Tag Archive for WWF

Word 2007 and Sharepoint Workflows

I’ve got a couple of questions about Word 2007 integration with Sharepoint 2007, and several problems that occur because of it:

The Mysterious Checked-Out Error

Let’s say I have a workflow attached to a document library which creates a data collection task, and when that task is completed updates the document metadata with the task data (say, “Ask for Comments”). For some reason if I leave the document open in Word and complete the task, I get an error in the workflow claiming the document is checked out and can’t be updated.

Needless to say, the document isn’t. Word only checks out the document before the actual save operation, not whenever it’s open. If my workflow updates the metadata directly, without a data collection task, it does work. If Word is closed – it does work.

Even more strangely – if instead of updating the metadata I try to delete the item, it works without a hitch. Update – no. Delete – no problem.

I’m pretty much stumped here, and I’d appreciate any idea.


Automatically Closing Word’s Connection

Now we have a different workflow – once I’ve saved my document to the library, a workflow evaluates the metadata and moves it to a new folder depending on the context. Copied aside and then erased, or possibly renamed based on some bit of metadata. The workflow works fine and the document vanishes from the library, but Word is still open and still points to the original location. If the user corrects a single word and presses Ctrl-S, the document will be resaved to the original location, the workflow restarted an a new copy made.

Is there a way to force Word to update the folder or file it’s pointing to? Alternately, a way to cause Word to close the document after saving?

MOSS Workflows are versioned

I was asked today about MOSS’s behavior when workflows are changed midstream. Say I have a document library with a Workflow attached to it, start a few long-running (non-immediate) workflows, then change the workflow before they’re completed – will they keep running? Will they use the new workflow or the old, from that point on?

I had hoped for the former, but expected the latter. You can’t switch flow in midstream (if you’ll pardon my mishmash of similar metaphors), since a newer activity might rely on a variable created by a previous action – one that never took place.

Armed with a burning scientific curiosity and a lack of something to do while the motorway was jammed due to an accident, I set out to check my hypothesis:


1) Create a document library with three fields – two text fields and a Yes/No field. The two text fields represent actions taken before and after the change, while the yes/no field is to simulate a long-running workflow that requires other user’s interaction:


2) Create a simple workflow that updates the Step1 field and then waits around until the Waiting field is set to No:


This worked fine, of course – a new document would start the workflow and get its field set to Step1, then wait until I unchecked the Waiting field and then completed. I created another document and left it in the Waiting state.

3) Update the workflow and add another action after waiting – simply setting a value to the post-wait Step2:


4) Try it out. I created a new document and verified that Step1 was set before waiting, and Step2 set after waiting. Then I unchecked the Waiting flag on the old document, created with the original workflow.

As expected, Step2 did not get assigned for that document. Despite the fact that the latest version of the workflow had a new action after the Wait, the document was attached to the older version of the workflow, and not the newer. This was also true when I added the second action in a different Workflow Step, rather than a second Action in the same step.
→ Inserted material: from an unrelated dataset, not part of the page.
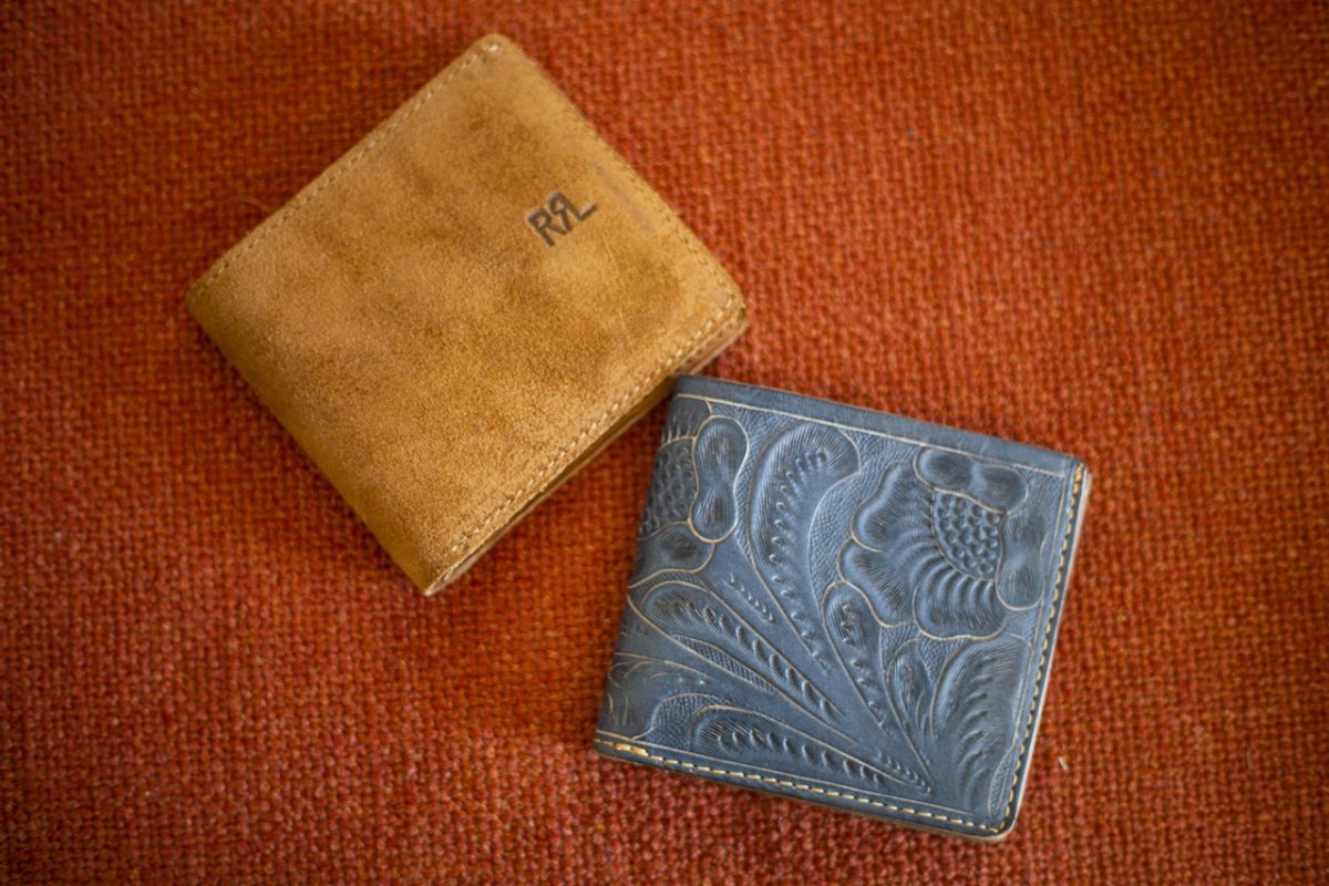 フルグレインスエードの茶色の財布。ROUGHOUT SUEDE BILLFOLD LIGHT JAVA $265.00 そして、ベジタブルタンの牛革、インディゴ染めが美しいTOOLED INDIGO LEATHER BILLFOLD $295.00

This can be easily seen inside Sharepoint Designer, where we can see that the Workflow’s XOML file is just another file stored in just another document library – and like any other document library, it supports file versioning:



This is a potential cause for confusion – if we have many workflows active and are then required to make a change to it, it’s hard to know which workflow is running for which document. The ideal solution would be to complete or terminate all workflows before making a change, but that’s hardly a realistic solution for modifying production systems.

Some thoughts on uninstalling Sharepoint ’12’ Beta 1

I’m uninstalling an old beta of the Sharepoint servers from a VPC I have on my computer to make room for the newer Beta 2 servers, and I noticed several things:

1) The installation originally required a then-current build of Windows Workflow Foundation to install. However, it appears that it also requires it to UNINSTALL. I had to find the old installation of WWF Beta 1.2 and reinstall it. It is no longer available on Microsoft Downloads except as part of the 100MB package containing the Visual Studio extensions. Actual package size – 2.5Mb.

2) Uninstallation CRAWLS under VPC (512MB RAM, running on a USB2.0 external harddrive).

3) Is it my imagination? Does it… is it…
No, it’s true. The progress bar for the uninstallation actually does go BACK a few pixels every once in a while. You probably won’t notice it if it isn’t crawling on a background VPC, but it’s true. It’s rocking back and forth. Weird.